There is a Python interface to the "magic" functionality. It's in
Debian; I'm not sure if it's part of the "magic" code base, or written
separately to interface with it. Either way, you can get the source
for those packages and find out more.

<URL:http://packages.debian.org/unstable/python/python-magic>
 
R

Ross Ridge

tubby said:
Silly question, but here goes... what's a good way to determine when a
file is an Open Office document? I could look at the file extension, but
it seems there would be a better way. VI shows this info in the files:

mimetypeapplication/vnd.oasis.opendocument.textPK

It's a ZIP archive. The info you've found are the file name
"mimetype", the uncompressed contents of that file
"application/vnd.oasis.opendocument.text", and part of the ZIP magic
number "PK". You should be able to use the "zipfile" module to check
to see if the file a ZIP file, if it has a member named "mimetype" and
if the contents of the file match one of the OpenOffice MIME types.

Ross Ridge
 
R

Ross Ridge

tubby said:
Silly question, but here goes... what's a good way to determine when a
file is an Open Office document? I could look at the file extension, but
it seems there would be a better way. VI shows this info in the files:

mimetypeapplication/vnd.oasis.opendocument.textPK

It's a ZIP archive. The info you've found are the file name
"mimetype", the uncompressed contents of that file
"application/vnd.oasis.opendocument.text", and part of the ZIP magic
number "PK". You should be able to use the "zipfile" module to check
to see if the file a ZIP file, if it has a member named "mimetype" and
if the contents of the file match one of the OpenOffice MIME types.

Ross Ridge
 
T

tubby

Ross said:
It's a ZIP archive.

Thanks, I used this approach:

import zipfile
if zipfile.is_zipfile(filename):
...

Now, If only I could something like that on PDF files :)
 
S

Steven D'Aprano

Yes, the name of a file may be useful for communicating with humans
about that file's intended use, but is a lousy, unreliable way to make
a definite statement about the actual contents of the file.

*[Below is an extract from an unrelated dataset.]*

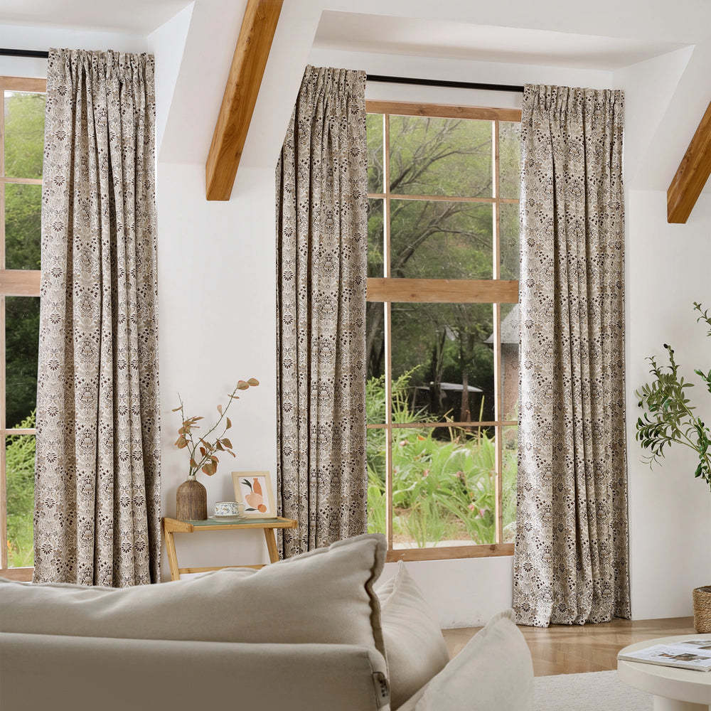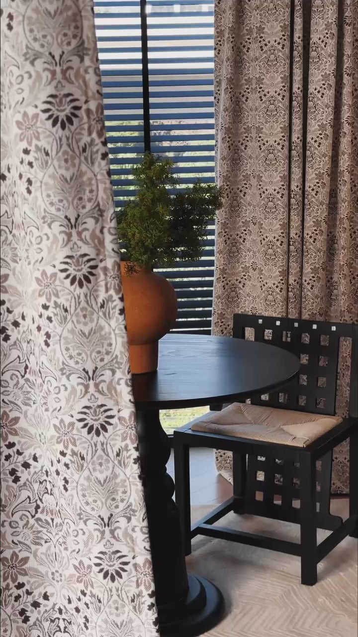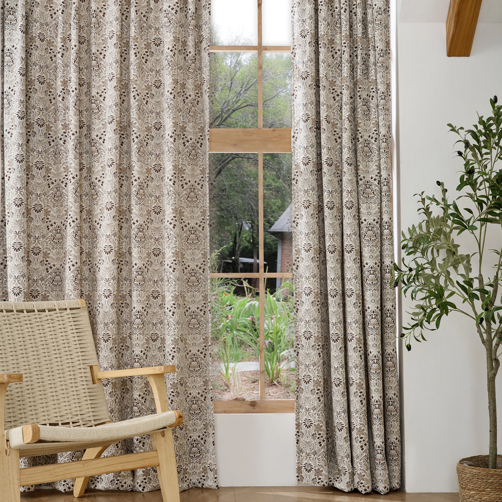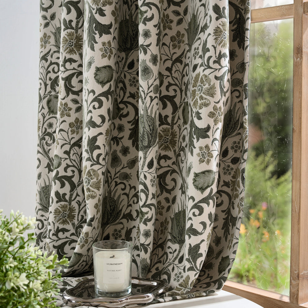Elowen Olive Mocha Botanical Weave Floral Curtains

The Unix 'file' command determines the type of a file by its contents,
not its name. This functionality is essentially a database of "magic"
byte patterns mapping to file types,

Ah, another lousy, unreliable way to make a definite statement about the
actual contents of a file. Looking at magic bytes inside a file is hardly
bullet-proof (although file seems to be moderately reliable in practice,
at least under Linux).

Simple example: is the file consisting of two bytes "x09x0A" meant to be a
text file with a tab and a newline, or a binary file consisting of a
single two-byte int? There's no way to tell just from the contents.
It's a circular problem: to be sure what the file is ("it's a two-byte
int") one has to understand the contents ("the integer 2305") -- but you
can only understand the contents if you know what the file is.

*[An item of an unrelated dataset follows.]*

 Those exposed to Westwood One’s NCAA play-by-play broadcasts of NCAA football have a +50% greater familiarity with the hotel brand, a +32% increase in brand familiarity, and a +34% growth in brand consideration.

There are only two ways out of this vicious circle:

(1) Have the creator of the file unambiguously label it. Some file systems
associate file-type metadata to files (e.g. Classic Apple Macintosh did
that), but sadly the main file systems in use today do not.

(2) Make an educated guess from various heuristics and conventions. The
old DOS 8.3 naming system is one such convention, and modern operating
systems tend to follow it. The Unix "file" utilities database of magic
bytes is such a heuristic.
 
R

Ross Ridge

tubby said:
Now, If only I could something like that on PDF files :)

PDF files should begin with "%PDF-" followed by a version number, eg.
"%PDF-1.4". The PDF Reference notes that Adobe Acrobat Reader is a bit
more flexiable about what it will accept:

13. Acrobat viewers require only that the header appear
somewhere within the first 1024 bytes of the file.
14. Acrobat viewers also accept a header of the form
%!PS-Adobe-N.n PDF-M.m

So identifying PDF files is pretty easy. If you want to examine the
contents of a PDF file you're better off using Postscript, Ghostscript
specifically, since PDF is essentially Postscript with a special
dictionary of commands.

Ross Ridge
 
R

Robert Marshall

Ah, another lousy, unreliable way to make a definite statement about
the actual contents of a file. Looking at magic bytes inside a file
is hardly bullet-proof (although file seems to be moderately
reliable in practice, at least under Linux).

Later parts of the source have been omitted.